9902B used the O'Brien-Fleming method.
According to the company the interim data will only be unblinded if the P-value is hit. If the designated P-value is not hit the IDMC will only inform the company that the trial should continue to the final or stopped for futility.
In case you missed this on the IV board, some interesting comments from a discussion with Greg Schiffman.
In speaking yesterday about the New Jersey facility, Dr. Gold used two words that left unclear his exact meaning.
Those words were "ramp-up" and "validate"
I spoke this morning with Mr. Schiffman. When asked for clarification as to the intended meanings, he took time to explain. I received permission to share these explanations publicly.
1. Throughout 2007, the plant was quite busy attending needs imposed by the 9902b Trial. But in November, the plant went back into a "maintenance mode" as work levels dropped off dramatically as a consequence of the completion of enrollment on 8/31/07.
2. It had been "validated" (by FDA inspectors) for Production in January 2007 (or earlier). (You perhaps recall that in the Fall of 2006 Jersey and others monitored unusually heavy activity at the plant—which a guard told jersey had something to do with an FDA inspection, as I now recall.)

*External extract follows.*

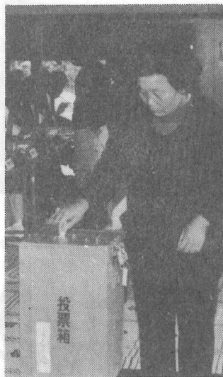
▲この1票が明るい県政を築く(寺方青年館で)

○長期譲渡所得にかかる個人の町民税の課税基準額が二千万円から四千万円に、また今まで二千万円以下のものに課せられていた税率四パーセントが、三・四パーセントに改正されました。 ○国民健康保険税の課税額の上限が十九万円から二十二万円に、

3. Processing of patient's blood cells had been shifted from the Mayo Clinic and Seattle (and maybe elsewhere) to New Jersey at that inspection time or shortly after. This was done soon after the plant had been "validated." Gold told us yesterday that the plant in 2007 achieved a high level of activity—the most processing in any given period that the company had ever done. The meaning of those words was simply that, with the plant available for use, the company had taken over all the processing just as the 9902b Trial was enrolling at its maximum rate. He was telling us that the plant performed very well and had demonstrated an ability to deal with volumes larger than the company ever had experienced before.
4. The now infamous CMC 483 inspection in January 2007 had nothing to do with this "validation." I understood him to say that those January 2007 additional inspections were something apart that in no way interfered with the production levels achieved throughout the year in 2007. Further, Dr, Gold was telling us that they also had in no way interfered with our existing prior "validation," IMO, when he stated that the plant is now (and has been) fully "validated" for Production. In other words, those words of his had nothing to do with the 483s.
5. But it is important here to discuss—and this is me speaking now—what is going on at the plant right now in March 2008. It has been minimally occupied and in most businesses, would have been "shuttered" for a few months to save money. This, of course, has not been done, and, in fact, could not be done without costing the company as much as a year or more to re-start and re-validate it. This is an important point. I have written before that it is like restarting an oil refinery once it has been mothballed. So Gold and Schiffman were telling us yesterday that the plant is being maintained "at the ready" despite that this is a costly proposition. It simply would be more costly in delay when the company could least afford delay, if they had retreated to the production elsewhere while the New Jersey plant lay fallow. So the plant remains fully "validated" to avoid re-validation.
Why are they telling us this? Because they wished to convey that we remain "at the ready" awaiting the Interim and, hopefully, an opportunity to swing into production a few mnonths later. It bespeaks confidence in the near-term outcomes in my opnion.
________
As to the reference to "ramp-up" of the plant later this year, it apparently was a reference to the work required on the new Provenge Trials to be launched this spring, and was not a reference to expanding plant capacity except for the additions of employees necessary to handle the new Trials.
Ranchero,
I actually asked that question directly to Gold. I was attending an investor conference in the Fall and during the break-out session I asked what is the interim P-value of 9902B. He said that the company is not disclosing that information. I then asked why the company would not provide that information because other companies do.
I forget the exact reply, but the response was because of competitive concerns.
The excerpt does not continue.